━━━ The input ━━━

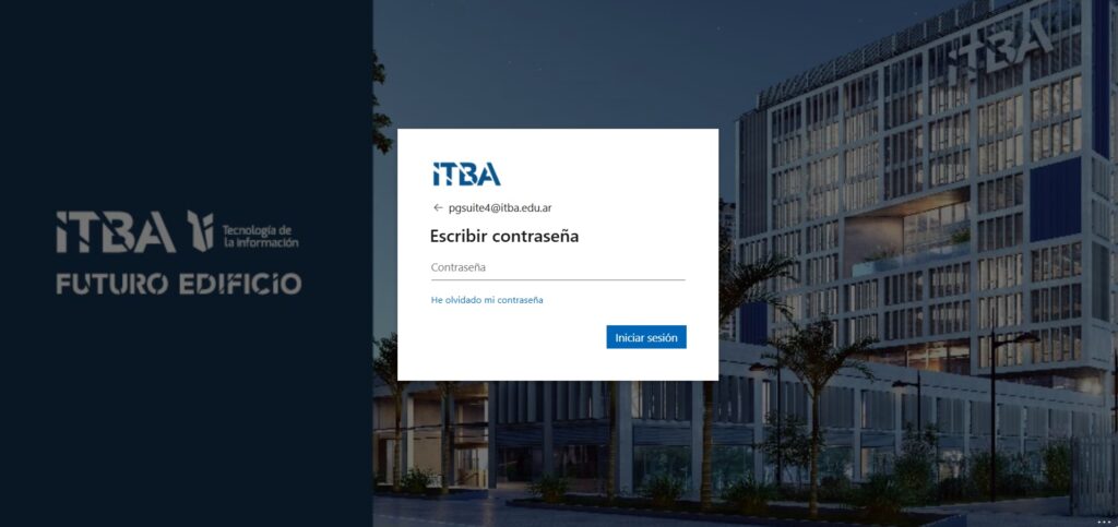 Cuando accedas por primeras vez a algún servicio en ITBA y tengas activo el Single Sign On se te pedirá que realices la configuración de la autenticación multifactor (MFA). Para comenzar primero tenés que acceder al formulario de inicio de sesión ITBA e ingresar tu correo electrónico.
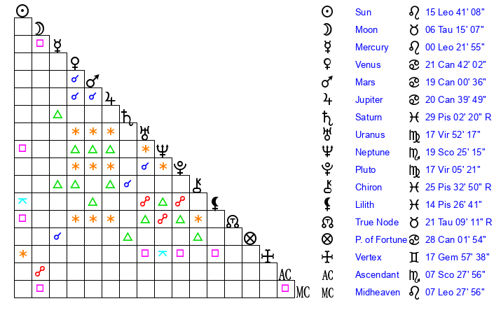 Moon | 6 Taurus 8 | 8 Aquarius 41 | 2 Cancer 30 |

━━━
━━━ The input ━━━

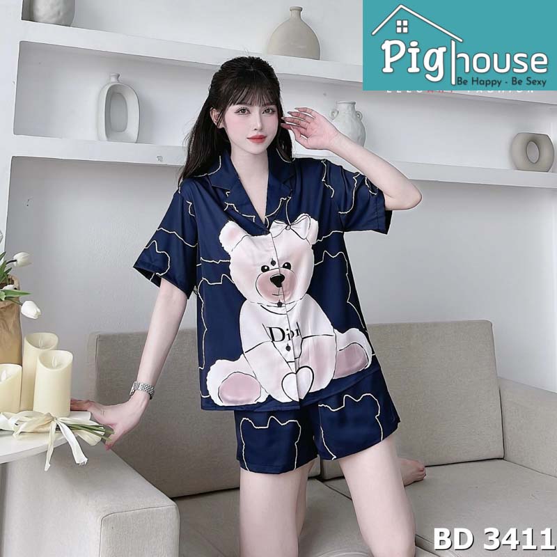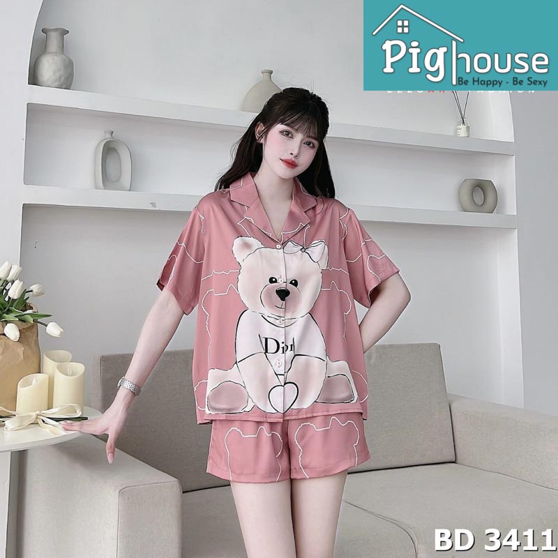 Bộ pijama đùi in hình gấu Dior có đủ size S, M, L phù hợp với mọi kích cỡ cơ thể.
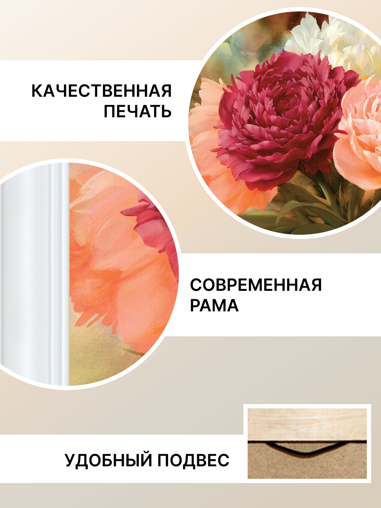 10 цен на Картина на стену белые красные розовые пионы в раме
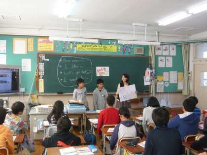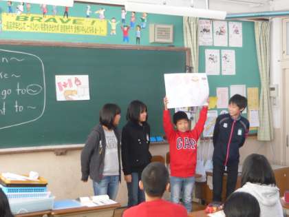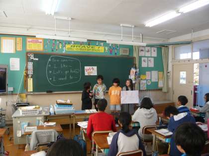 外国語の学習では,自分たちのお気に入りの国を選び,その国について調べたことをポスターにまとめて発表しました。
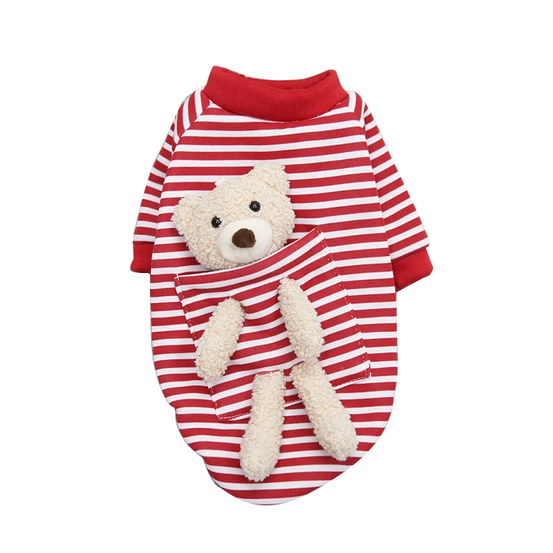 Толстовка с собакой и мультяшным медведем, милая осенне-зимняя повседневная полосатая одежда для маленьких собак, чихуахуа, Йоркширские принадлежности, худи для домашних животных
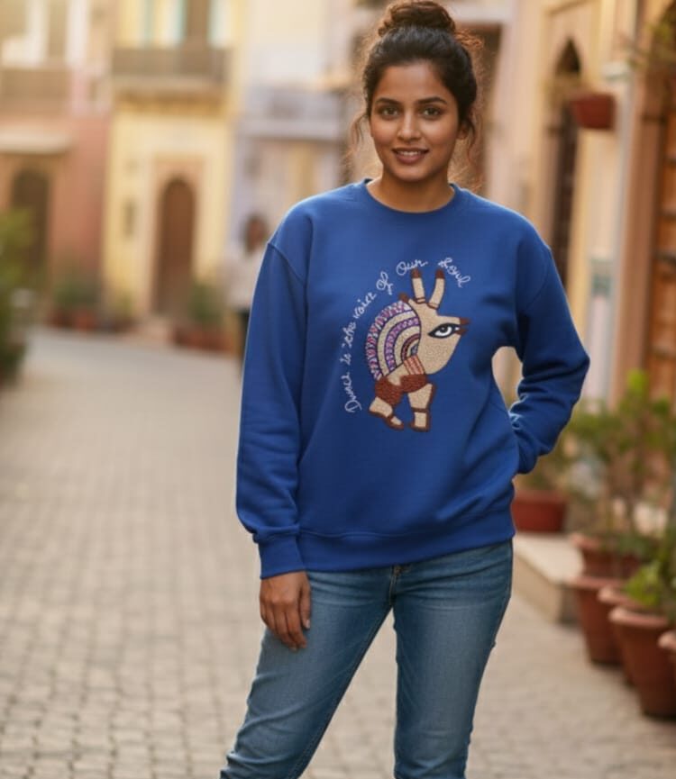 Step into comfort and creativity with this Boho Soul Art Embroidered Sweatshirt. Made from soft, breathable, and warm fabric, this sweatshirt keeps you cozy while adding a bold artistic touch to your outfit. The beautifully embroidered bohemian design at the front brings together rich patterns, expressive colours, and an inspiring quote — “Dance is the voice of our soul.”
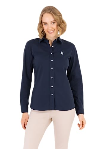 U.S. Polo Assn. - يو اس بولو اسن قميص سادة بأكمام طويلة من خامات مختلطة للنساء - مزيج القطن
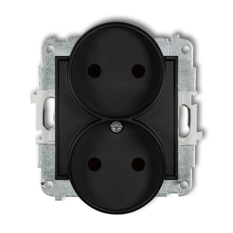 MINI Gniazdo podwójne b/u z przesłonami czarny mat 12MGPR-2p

━━━

* _About this task_
Copy the lines above exactly, starting with the line that contains "外国語の学習では,自分たちの" and ending with the line that contains "Толстовка с собакой", and leave out any pictures.

* _Answer space_
 外国語の学習では,自分たちのお気に入りの国を選び,その国について調べたことをポスターにまとめて発表しました。
 Толстовка с собакой и мультяшным медведем, милая осенне-зимняя повседневная полосатая одежда для маленьких собак, чихуахуа, Йоркширские принадлежности, худи для домашних животных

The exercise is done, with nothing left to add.